There have also been the routine exposes of the elite's opulence, this time Kremlin spokesman Dmitry Peskov's $620,000 watch and lavish honeymoon on a yacht. And there were surprises, like the shock resignation of Vladimir Yakunin, one of Russian President Vladimir Putin's closest cronies, as head of Russian Railways.

But if this August was largely uneventful, it has been marked, at least among the chattering classes, by a sense of foreboding.

Russia is stuck in a quagmire in eastern Ukraine. The economy is buffeted by falling oil prices, a sinking ruble, and Western sanctions. And the best the Kremlin can do is wage a war on foreign cheese.

This, together with signs of stress in the regime like Yakunin's departure, have led many leading Russian commentators to conclude that things cannot continue as they are -- and that something big just has to be coming soon.

Speaking to Ukraine's Espreso TV, political analyst Andrei Piontkovski said "strange tectonic shifts are taking place around the Kremlin."

According to Piontkovski, "panic and confusion" are evident in the elite and "a showdown in the upper echelons of the authorities" is looming.

Likewise, Aleksei Venediktov, editor in chief of the Ekho Moskvy radio station, said Putin's relationship with his inner circle has changed dramatically.

"The Kremlin's towers are battling as always," Venediktov told Novy Kaliningrad, using the euphemism for clan wars among the elite.

"But if in the past these battles were waged for influence over the president, now they are being conducted over how to get away from him. This has to be done gracefully so one is not charged with desertion."
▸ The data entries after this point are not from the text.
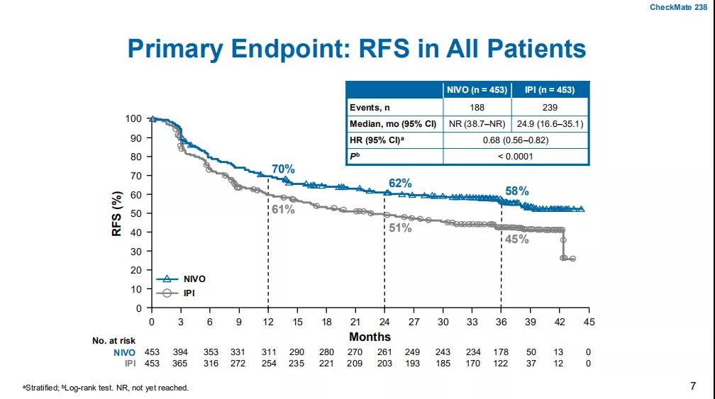 2017年底,PD-1单抗,包括纳武单抗和帕博利珠单抗,相继被批准用于术后Ⅲ期和Ⅳ期的黑色素瘤的辅助治疗。这标志着黑色素瘤正式迈入了辅助免疫治疗时代。但当时被批准时仅有1年的RFS率,也被广大学者所诟病。今年ESMO会议推出了CheckMate238研究(纳武单抗据此研究被批准)的3年数据更新。
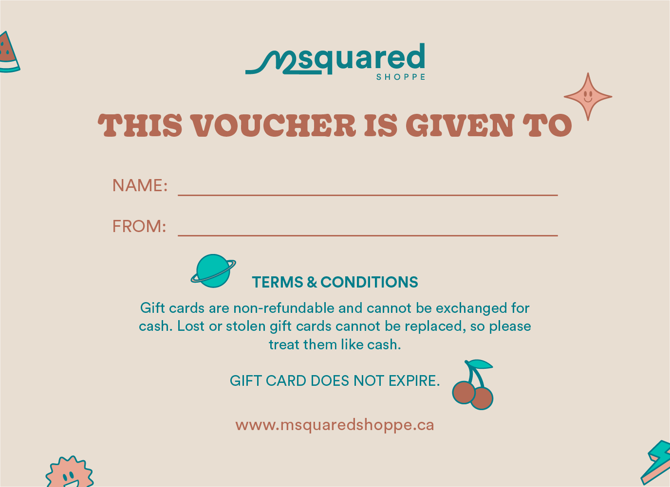 Gift vouchers can only be redeemed on www.msquaredshoppe.ca.
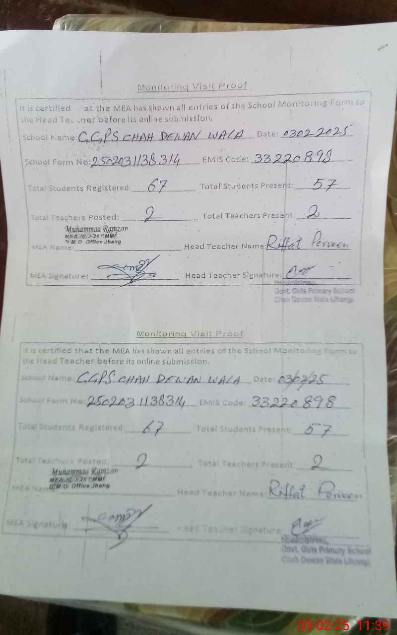 | EMIS Code: 33220898 | Name of School: GGPS CHAH DEWAN WALA | |||
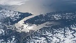 ![]() The Salish Sea, showing the open Pacific Ocean at lower left, and from there, heading inland: the Strait of Juan de Fuca, the narrow Puget Sound at lower right, and the wide Strait of Georgia at upper center. Sediment from the Fraser River shows as a greenish plume in the Strait of Georgia. | |
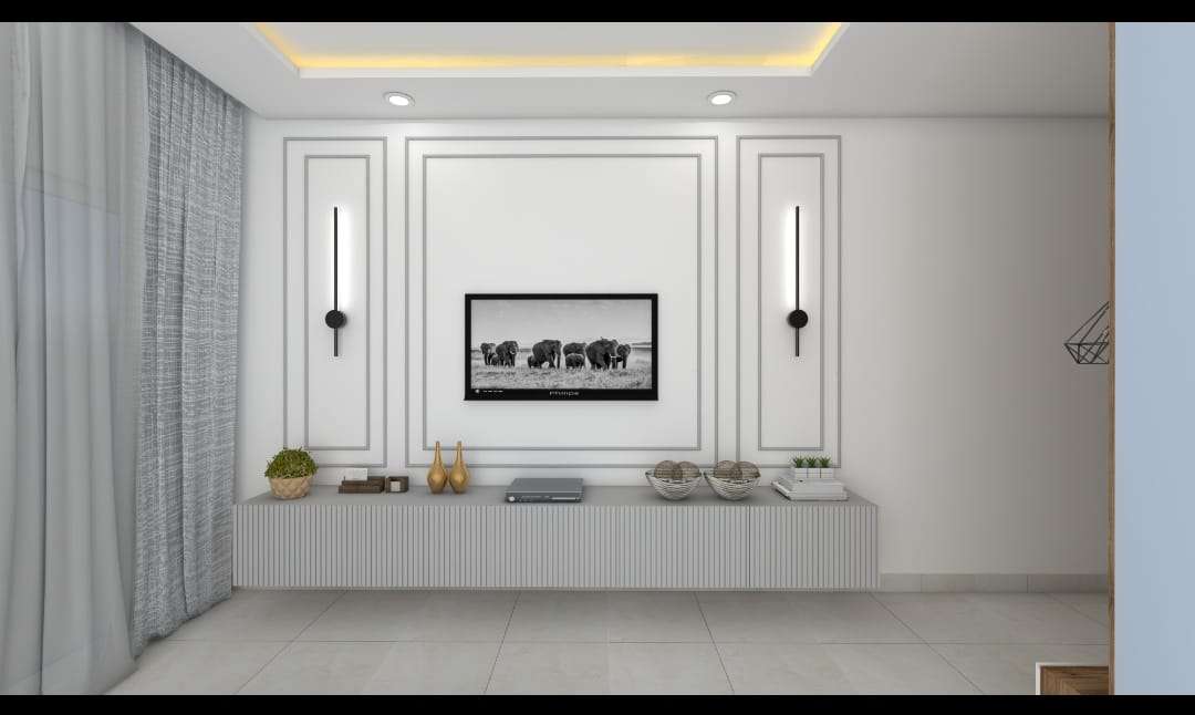 * False ceiling with triple lighting effect in living room and MBR.
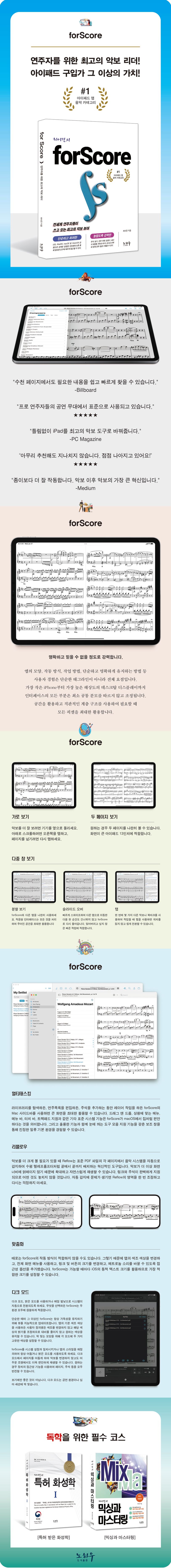 무대 및 버스킹 공연에서 종이 악보를 들고 다니는 연주자는 거의 없습니다. 이미 종이 악보 시대는 끝났다고 보아도 좋습니다. forScore는 오래전부터 전세계 연주자들이 가장 많이 사용하고 있는 아이패드용 악보 리더 앱이며, 본서는 이를 효과적으로 활용할 수 있는 모든 기능을 상세히 다루고 있습니다.
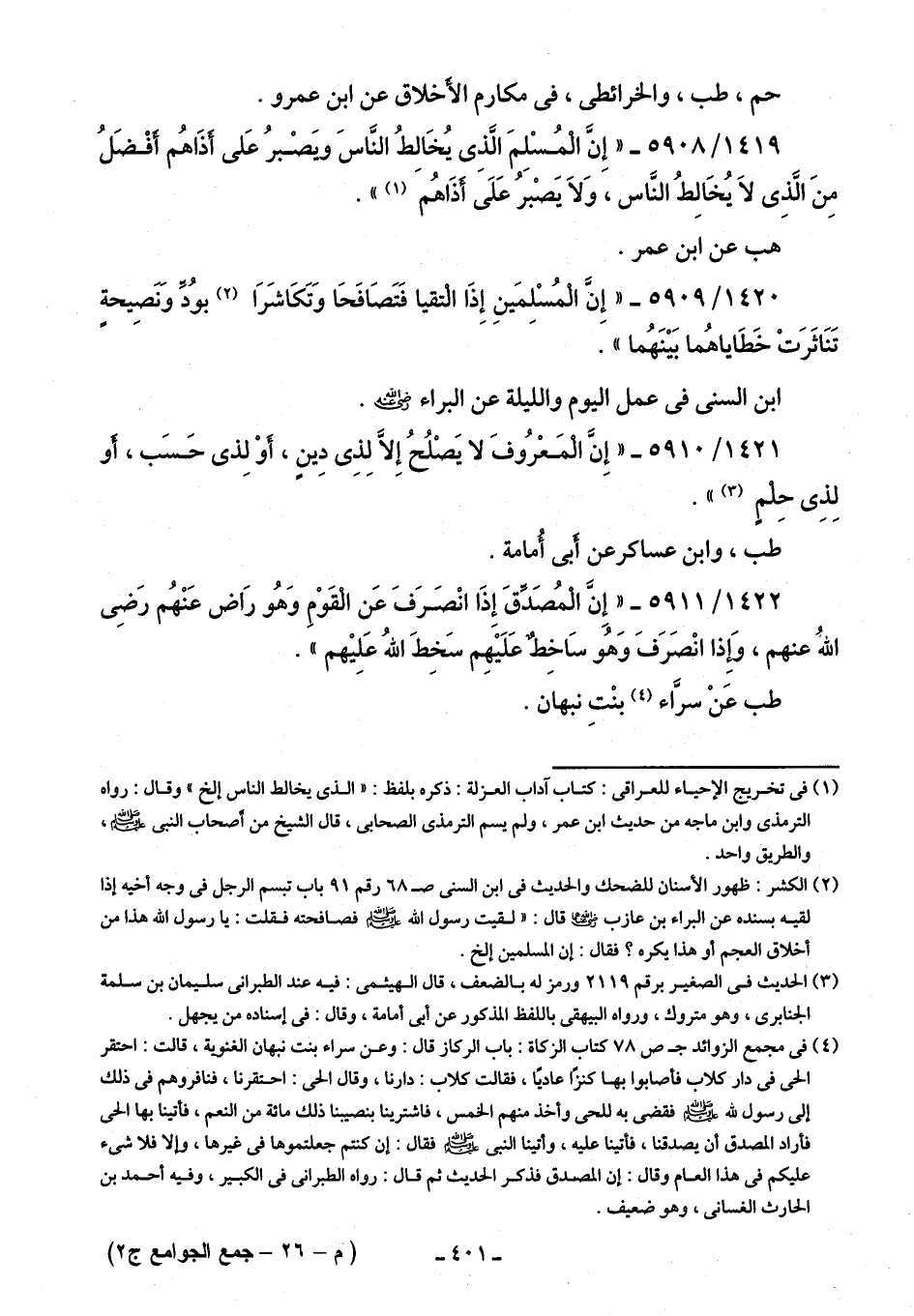1419/ 5908 - "إِنَّ الْمُسْلِمَ الَّذى يُخَالِطُ النَّاسَ ويَصْبرُ عَلى أَذَاهُم أَفْضَلُ مِنَ الَّذِى لَا يُخَالِطُ النَّاس، وَلاَ يَصْبرُ عَلَىَ أَذَاهُمَ (¬1) ".
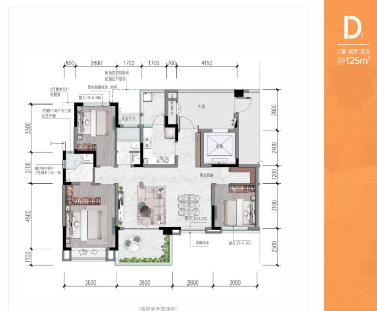 空间配置:二期2梯2户、三期含1梯2户及2梯3户
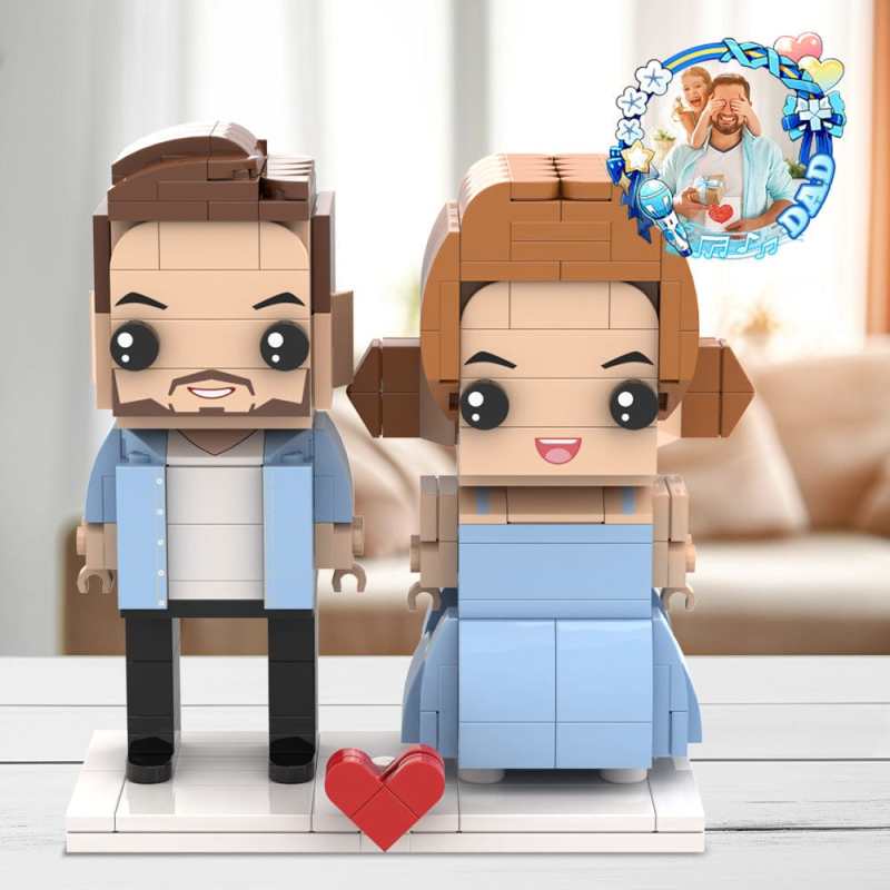 Personalized Fully Body Customizable Brick Figures Dad and Daughter In Blue Dress Gift For Dad
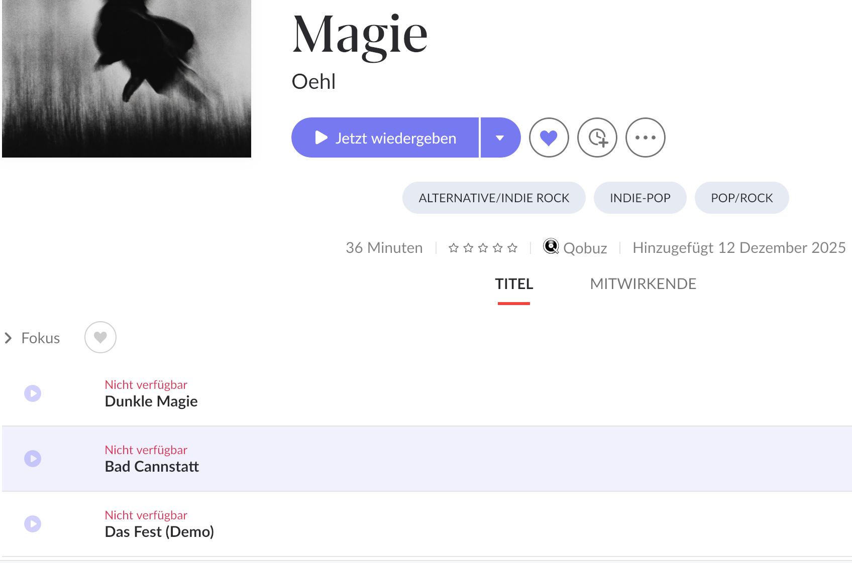 · A new album by Oehl (“Dunkle Magie”) was released today. It is the “Album of the Week” on Qobuz, but it doesn't even show up on Roon. (Not even after restarting.) The album appears in a manual search, but cannot be played (“not available”), even though it can be played normally on Qobuz. What´s going on?
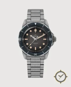 Eine Taucheruhr-Uhr mit einem 31.5mm Gehäuse im Vintage-Stil gefertigt aus Edelstahl mit einem Zifferblatt in grau und einer besonderen "fumé gradient (smoky)"-Oberfläche.
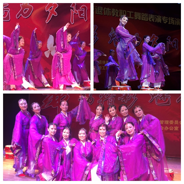 在平杰副院长关心下,红足一1世退管会经过两个多月创编和排练,在节目的形式上,老同志们不走俗套大胆创新,编排的汉唐古典舞《相和鼓舞》,展现了汉唐文化的轻歌曼舞的壮观场景。情景诗朗诵《老了没什么不好》,主题鲜明乐观向上,朗诵和表演情景交融,文武兼备,很好地展示了体院退休员工文武兼蓄、丰富多彩的退休生活和积极阳光的健康心态,特别是原党委书记胡爱本教授和陆爱云教授充满情感、抑扬顿挫的朗诵;王培锟、曾美英二位武术大师的加入,为节目增添了光彩!我院退休教职工表演的舞蹈和朗诵节目高度赞美了老年人选择快乐生活,敢于挑战和超越自我的人生价值观,表达了“只要心态不老,夕阳更加红亮”的人生追求,赢得了观众热烈的掌声!
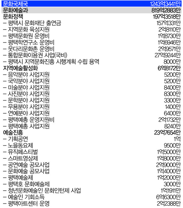 예술진흥에는 23억7654만원이 편성됐는데 기획공연 1억원, 노을동요제 9500만원, 뮤직페스티벌 1억5000만원, 스마트영상제 1억8000만원, 공연예술 공모사업 2억9000만원, 문화예술 공모사업 1억4000만원, 평택예술제 1억2000만원, 평택호 문화예술제 3000만원, 청년문화예술인 문화인턴제 사업 1억1911만원, 예술인 기회소득 6억6300만원, 평택아트센터 운영 2억2388만원 등이다.
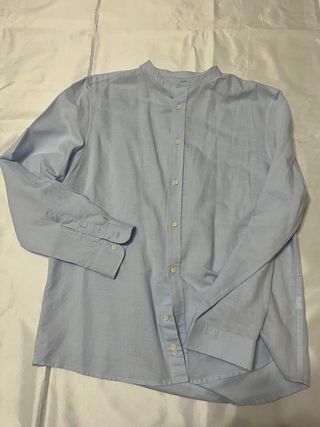 Camisa azul cuello mao

And Valery Solovei, a professor at the elite Moscow State Institute of International Relations, suggested the whole thing was about to collapse.

"What I think is clear, and even inevitable, is the departure of the current political regime in the not-too-distant future," Solovei wrote recently on his heavily followed Facebook page.

"Its governance has been an absolute failure and this is gradually becoming evident to everybody. Even propaganda won't save it. And the fall of the regime will likely be bloodless and banal."

So are we on the verge of a palace coup? Is September the new August?

Who knows? Russia's chattering classes are notoriously alarmist and the Kremlin's inner sanctum, opaque in the best of times, is a virtual black hole today.

In recent years, the narrative on Russia has tended to swing between two extremes: Putin Is the Master of the Universe! and The Regime is About to Collapse!

The collapse narrative reigned during the mass protests of 2011-12, the master of the universe meme took hold following the annexation of Crimea and the patriotic wave that followed it.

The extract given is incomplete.